Ты из ума выжила? А ну слезь!

Не раньше чем мы с тобой договоримся.

Мы уже обо всем договорились. Мы улетаем в Берн — сегодня же.

Не спорю. Но у меня новое условие. Я рассказываю о нас всю правду ей — сейчас.

Исключено.

Тогда я никуда не лечу.

Летишь, еще как летишь! Или что, мне убить твою Циглер? Перевести тебя в Охотника?
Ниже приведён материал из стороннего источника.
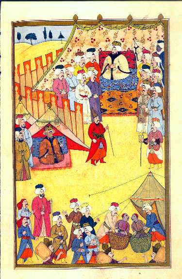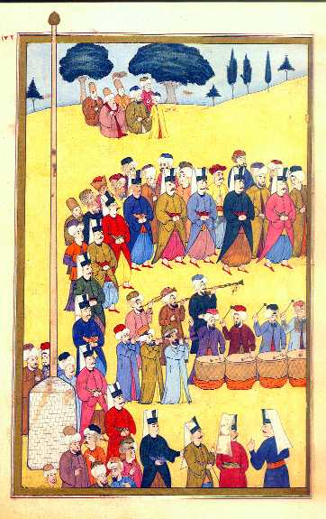 ahin and his assistant Hajji Mehmed are back again for the last time. For their final act, each is bound hand and foot and then put into separate baskets, one yellow the other green. The baskets are closed and securely tied with ropes to keep their lids from opening. The baskets are then set in a tent, which we see near the lower right corner of (131b). Guards are stationed around the tent to keep anyone from entering. After fifteen minutes the tent is lifted away and the audience sees that the baskets are standing where they had been left. The lids are untied and out pop Şahin and Mehmed: not only are their hands and feet free but each is now in the other’s basket. In (132a) Levni depicts a military band playing music while the Egyptians perform. A line of white capped janissaries stands around the field while spectators look on. The silver vessel full of coins that was placed at the top of the mast at the left with such great difficulty in (84a) is gone. According to Vehbi, the silver vessel was brought down in a competition on this, the tenth day of the festival (October 2nd), the last day of the proceedings at Okmeydanı before the court returned to Topkapı Sarayı and everything on the festival-ground was dismantled and hauled away.Return to
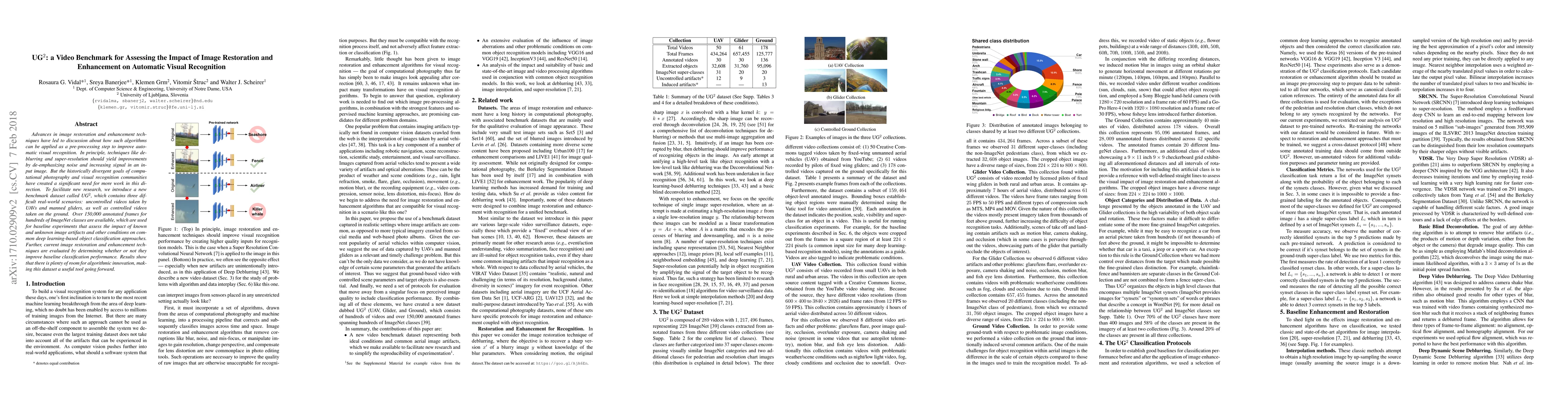 Advances in image restoration and enhancement techniques have led to discussion about how such algorithmscan be applied as a pre-processing step to improve automatic visual recognition. In principle, techniques like deblurring and super-resolution should yield improvements by de-emphasizing noise and increasing signal in an input image. But the historically divergent goals of the computational photography and visual recognition communities have created a significant need for more work in this direction. To facilitate new research, we introduce a new benchmark dataset called UG^2, which contains three difficult real-world scenarios: uncontrolled videos taken by UAVs and manned gliders, as well as controlled videos taken on the ground. Over 160,000 annotated frames forhundreds of ImageNet classes are available, which are used for baseline experiments that assess the impact of known and unknown image artifacts and other conditions on common deep learning-based object classification approaches. Further, current image restoration and enhancement techniques are evaluated by determining whether or not theyimprove baseline classification performance. Results showthat there is plenty of room for algorithmic innovation, making this dataset a useful tool going forward.
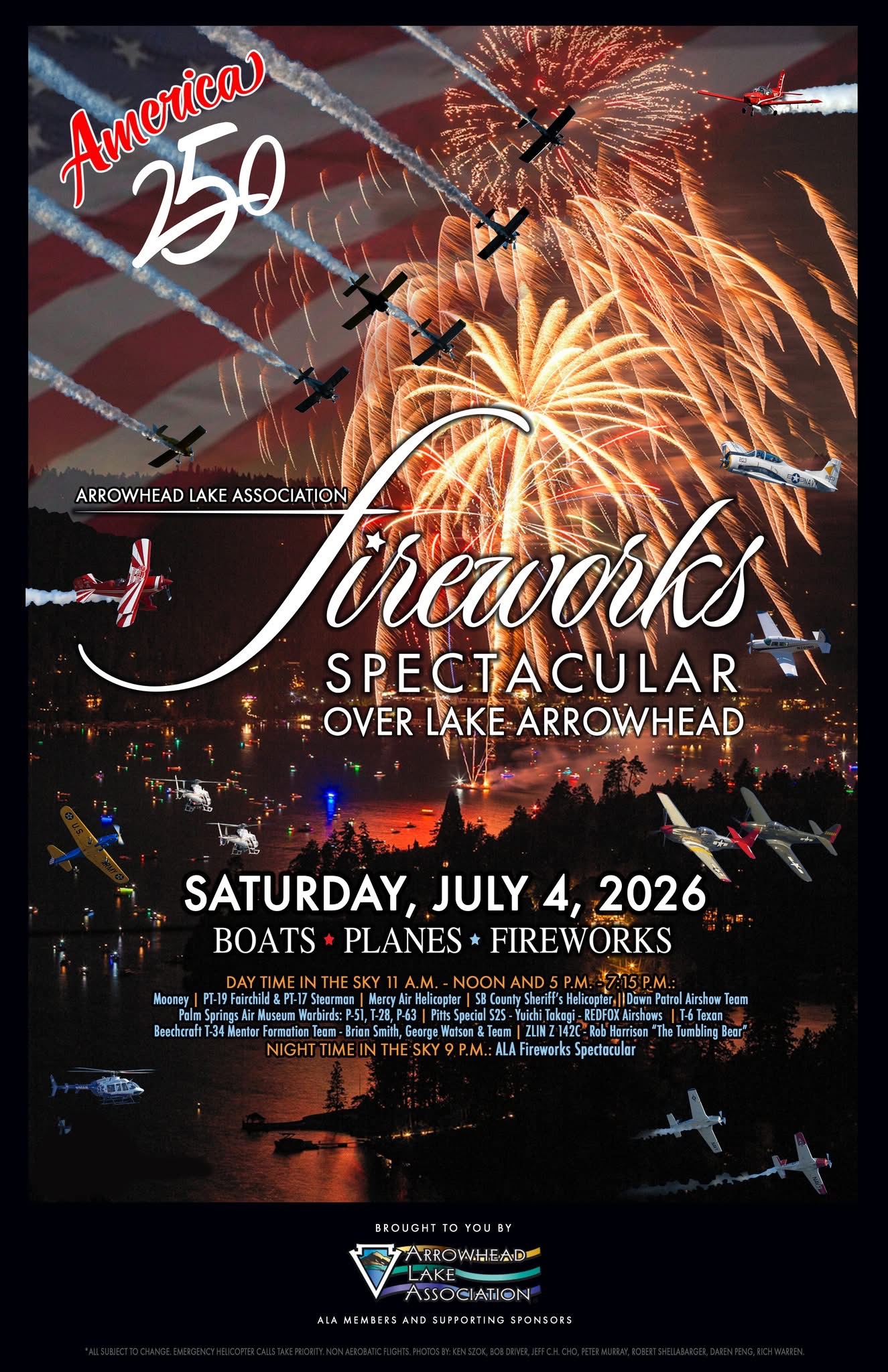 Come and join the festivities to celebrate USA 's 250th Anniversary ! Boats ✰ Planes ✰ Fireworks Day Time in the Sky : 11 am - noon and 5 pm -
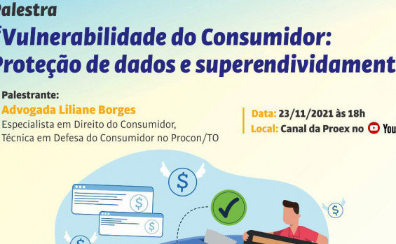 Nesta terça-feira, 23, o Procon Tocantins, em parceria com a Universidade Estadual do Tocantins (Unitins) câmpus de Dianópolis, realiza palestra sobre Vulnerabilidade do Consumidor: Proteção de Dados e Superindividamento. A palestra que ocorre às 18 horas será ministrada pela técnica em Defesa do Consumidor do Procon Tocantins, a advogada e especialista em Direito do Consumidor, Liliane Borges.
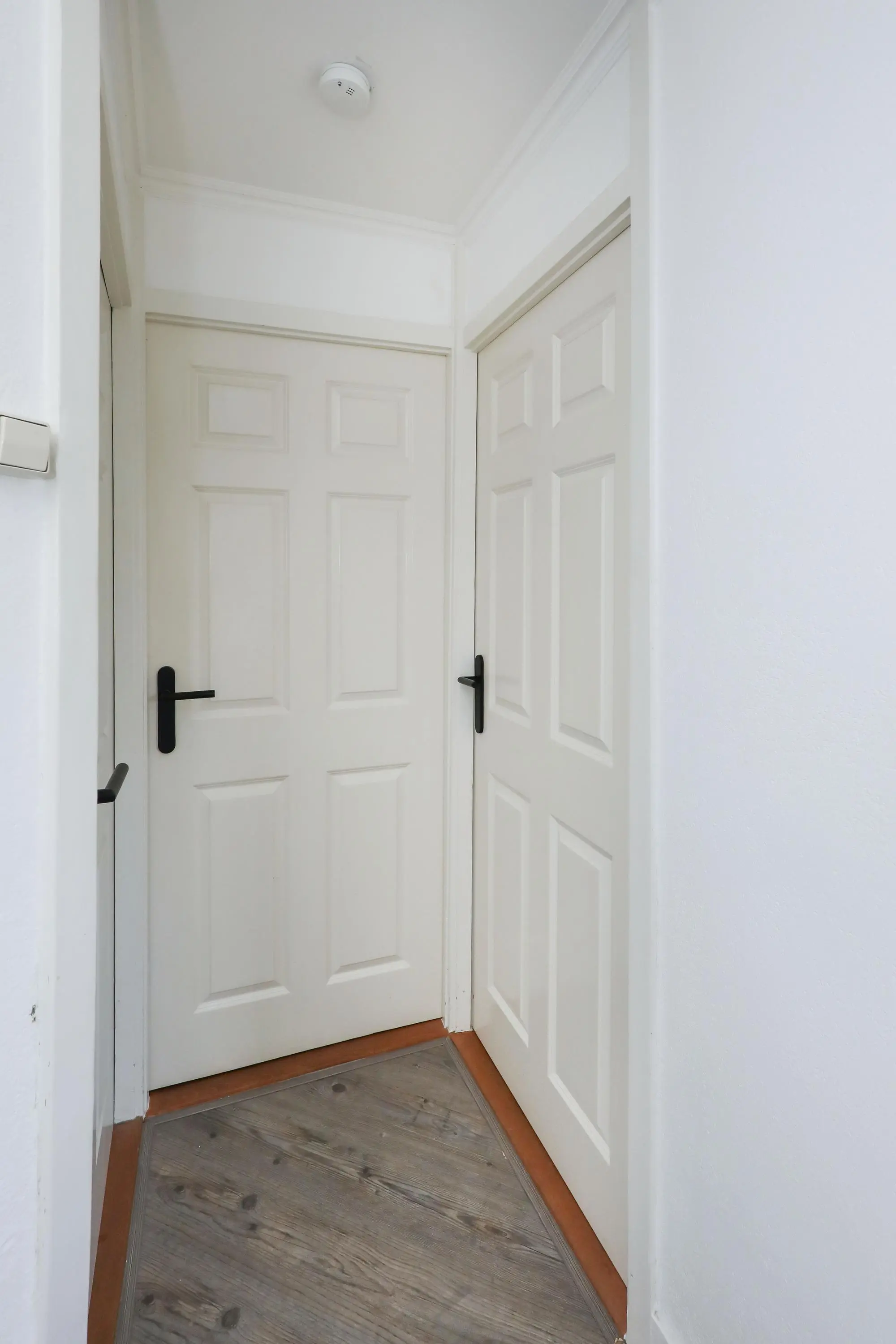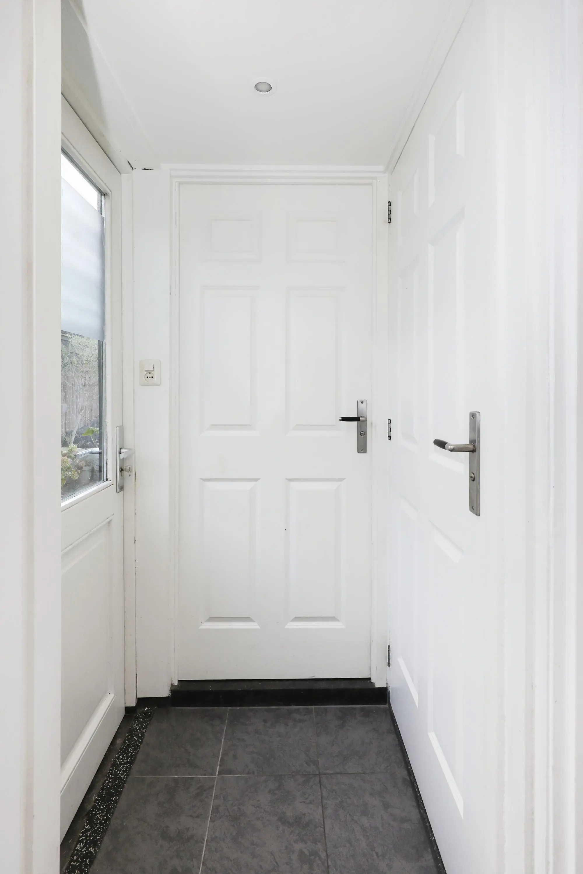 Verdieping: overloop met vlizotrap naar praktische bergvliering, twee vergelijkbare slaapkamers aan de voorzijde beide v.v. vaste kasten en een dakkapel, derde slaapkamer aan de achterzijde eveneens v.v. dakkapel. Deze verdieping beschikt over een keurige laminaatvloer en houten deuren met chique, zwart deurbeslag.
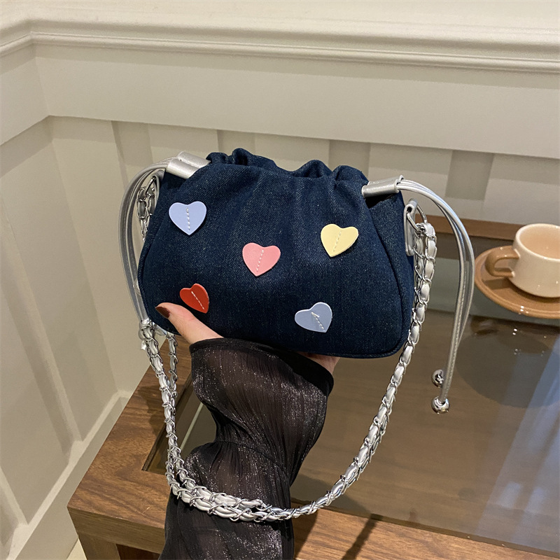 今年流行桃心抽绳链条小包包斜挎包2024新款潮时尚百搭休闲水桶包
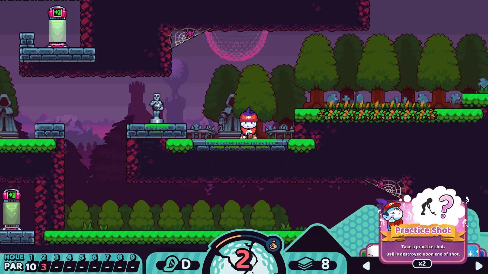 ВОССТАНЬТЕ ИЗ ГОЛЬФОЧИСТИЛИЩА Ваше альтер-эго в игре — Проклятый гольфист. Он оказался в Гольфочистилище из-за нелепой случайности в тот самый момент, когда готов был выполнить победный удар на международном турнире! Легенда гласит, что вернуться в мир живых (и к вожделенной победе на турнире!) можно, если пройти коварные поля Гольфочистилища. Каждое поле охраняет призрак Легендарного кэдди, который посвятит вас в мистические тайны гольфа и поможет на пути к свободе и жизни. ПАР ИЛИ ПРОПАЛ Cursed to Golf — это новая интерпретация жанров гольфа и roguelike. Загоните мяч в лунку, уложившись в пар, или проклятье вернет вас к началу поля! Мало того, что на полях есть бункеры и рафы, там еще полно безумных препятствий вроде мощных вентиляторов, шипов, взрывчатки, телепортов — и чего там только нет. В этой безумной версии классической игры случиться может что угодно! ТУЗ В РУКАВЕ У проклятья вечной игры в гольф в Гольфочистилище есть и свои плюсы! Используйте Птичий полет, чтобы окинуть взглядом все поле и оценить, что вас ждет. Не укладываетесь в пар? Не беда: по всему полю расставлены золотые и серебряные гольф-идолы. Если их разбить, удары восстановятся. Тузы повысят шансы на успех: они позволят вашей потусторонней силе менять правила игры. Дробный мяч, Разворот, Мяч-ракета, Второй шанс — вот лишь несколько из более чем 20 трюков, которые позволят вам крутануть колесо Фортуны в нужную сторону! Каждый удар на счету! ОСОБЕННОСТИ Напряженный, расчетливый и захватывающий геймплей. Случайно сгенерированные поля на 70+ и более лунок. 4 непростых и разнообразных биома. Больше 20 уникальных карт-усилителей. Мини-игры. Сетевые таблицы лидеров. Красочные персонажи, объединенные тематикой гольфа. Красивый пиксель-арт и потрясающие карты в высоком разрешении. Лихой саундтрек в ретро-стиле. Поля на 70 лунок и более. * Chuhai Labs 2022 Published by Thunderful Publishing
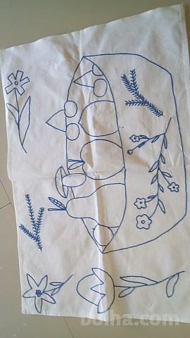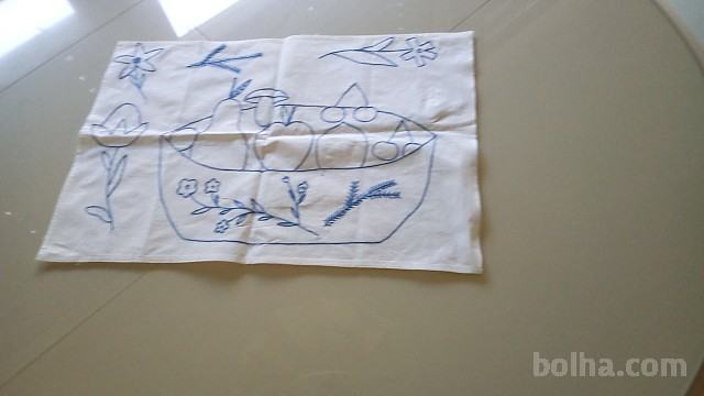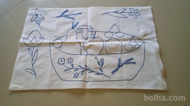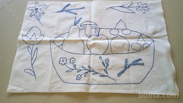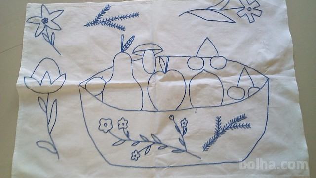 Prt -tihožitje . Štikan z modrim obrobjem. Sadje in pomladne cvetlice. Primeren za otroški kotiček v kuhinji. Mere: 49 cm x 33 cm Zelo malo rabljen in dobro ohranjen.
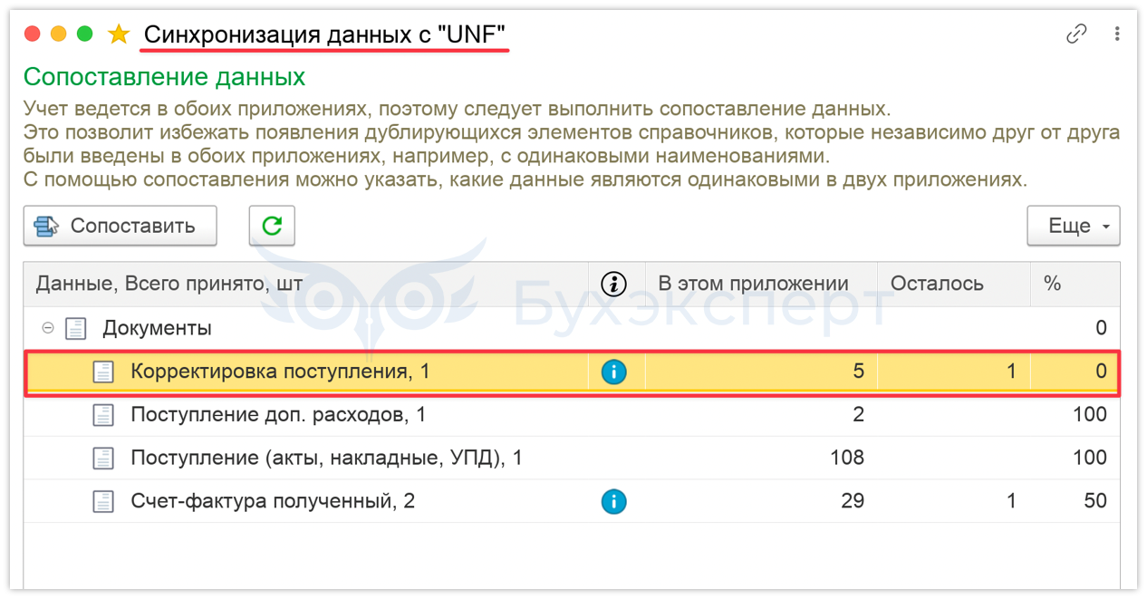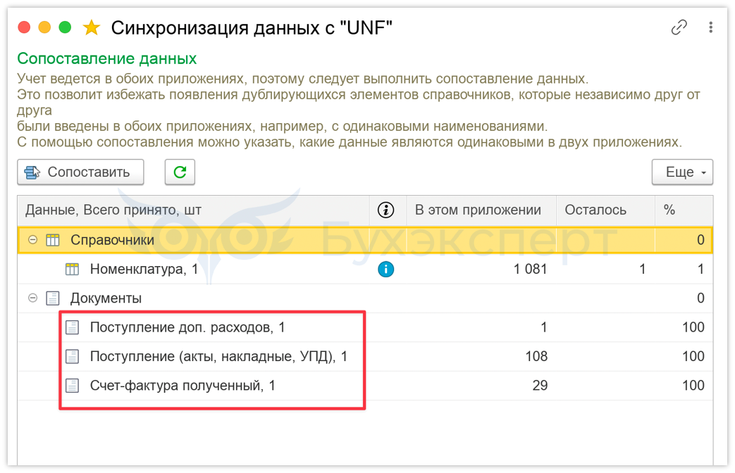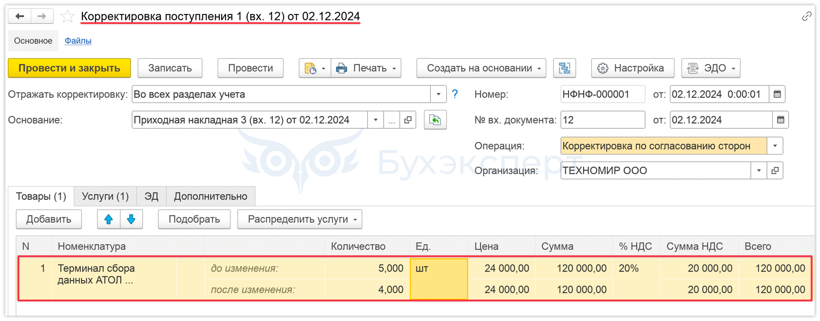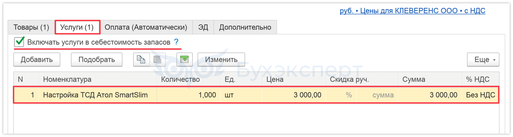 Результат выгрузки документа Приходная накладная (с доп.расходами) в 1С БП
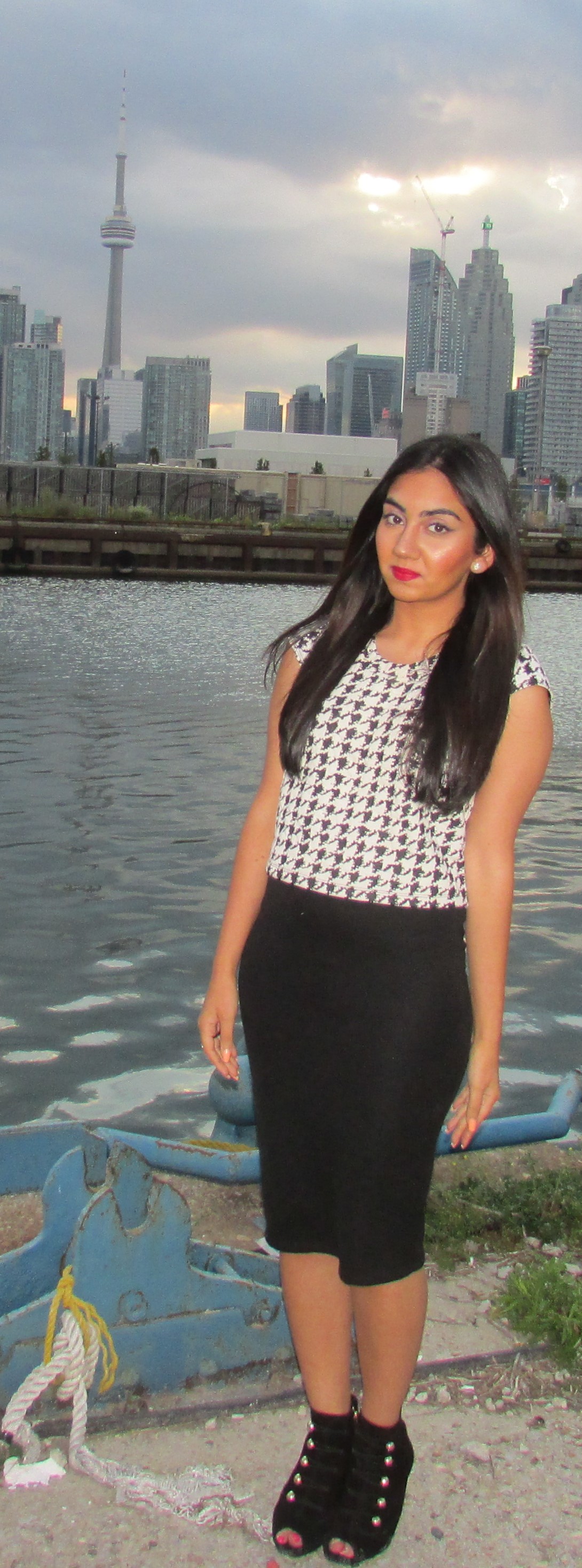 My cute booties are from Vince Camuto. I wanted to keep colour on a minimal, so I stuck with a black shoe plus its a small heel (2 inches) which is a little more convenient and comfortable on a boat.
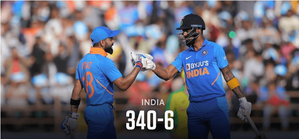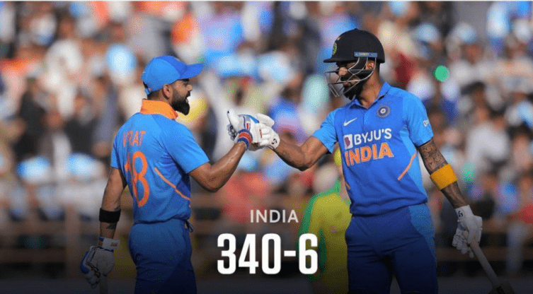 രോഹിത്തും ധവാനും ഇന്ത്യക്ക് മികച്ച തുടക്കമാണ് നൽകിയത്. ഒന്നാം വിക്കറ്റിൽ ഇരുവരും ചേർന്ന് 81 റൺസ് ആണ് നേടിയത്. 44 പന്തില്‍ 42 റണ്‍സെടുത്ത രോഹിത് ശര്‍മ്മയെ ആദം സാംപയാണ് പുറത്താക്കിയത്. പിന്നീടെത്തിയ കോഹിലിയും ധവാനും ചേർന്ന് സ്‌കോർ മുന്നോട്ട് കൊണ്ടുപോയി. മികച്ച കൂട്ടുകെട്ടാണ് ഇരുവരും ചേർന്ന് നടത്തിയത്. രണ്ടാം വിക്കറ്റിൽ ഇരുവരും ചേർന്ന് 103 റൺസ് ആണ് നേടിയത്. പിന്നീടെത്തിയ ശ്രേയസ് അയ്യർ പെട്ടെന്നു തന്നെ പുറത്തായി. നാലാമനായി എത്തിയ കെ എൽ രാഹുലുമായി ചേർന്ന് കൊഹ്‌ലിയെ ഇന്ത്യയുടെ സ്‌കോർ മുന്നോട്ട് കൊണ്ടുപോയി. നാലാം വിക്കറ്റിൽ 74 റൺസ് ഇരുവരും ചേർന്ന് നേടി. അവസാന ഓവറുകളിൽ രാഹുൽ നടത്തിയ വെടിക്കെട്ട് ബാറ്റിംഗ് ആണ് സ്‌കോർ 340ൽ എത്തിയത്. ആദ്യ മൽസരത്തിൽ ബാറ്റിങ്ങിൽ പരാജയപ്പെട്ട ഇന്ത്യക്ക് രണ്ടാം മത്സരത്തിൽ മികച്ച പ്രകടനം നടത്താൻ കഴിഞ്ഞു. ഓസ്‌ട്രേലിയക്ക് വേണ്ടി ആദം സാംപ മൂന്ന് വിക്കറ്റ് നേടി.

Можешь попробовать, только знаешь, что произойдет еще раньше? Я спрыгну. Подо мной тридцать метров до твердого камня. Охотник просто физически не сможет убить Ангелу, если только не умеет летать.

И вот ЭТО твой план? Банально спрыгнуть вниз в надежде, что это убережет Ангелу от Охотника, если ты умрешь от гравитации? Ты всерьез хочешь пожертвовать собой ради нее?

Нет.

Какое счастье!

Но я всерьез готова ради нее сломать себе ноги.

Что?

От падения с тридцати метров мои ноги будут сломаны, вероятно, открытым переломом, и я потеряю сознание от боли, возможно, еще и от потери крови. Дальше меня спасут, переведут в экстренную хирургию и обратно в медотсек, где я буду сначала под наркозом, потом просто без сознания, а потом в сознании, но всё еще с заживающими ногами, а если учесть всё, что мне теперь известно про целительную концентрацию, то со всем этим я буду почти полностью без движения как минимум неделю — очень страшную для тебя неделю, мое дорогое темное нечто.

С чего это вдруг?

А с того, что всю эту неделю доктор Ангела Циглер будет думать о моей проблеме. Обо мне. О нас с тобой. И ближе к концу недели даже разговаривать об этом со мной.

И? Едва ли она что-то придумает…

Она только что расколола твой финт с “нелюбовью” за жалкие пять секунд, притом без особого напряжения, основываясь всего лишь на частоте моего пульса, которую она посчитала пальцами, успешно сопротивляясь собственным эмоциям. До чего же она дойдет за неделю мощного, сосредоточенного мыслительного труда? Очистившись от эмоций, собрав все данные моего тела, которые ей предоставит техника медотсека? Я не знаю, но представить вполне могу — вероятно, она полностью поймет твою природу и предложит мне несколько способов держать тебя под контролем. И будет очень смешно, если эти способы не потребуют моего личного участия и она использует их, пока я буду без сознания…

Она не сможет!..

О, она уже начала анализ.

Она его не закончит!

А мы это проверим. Я готова дать ей целую неделю на попытки.

Она всего лишь человек, она глупая, наивная!..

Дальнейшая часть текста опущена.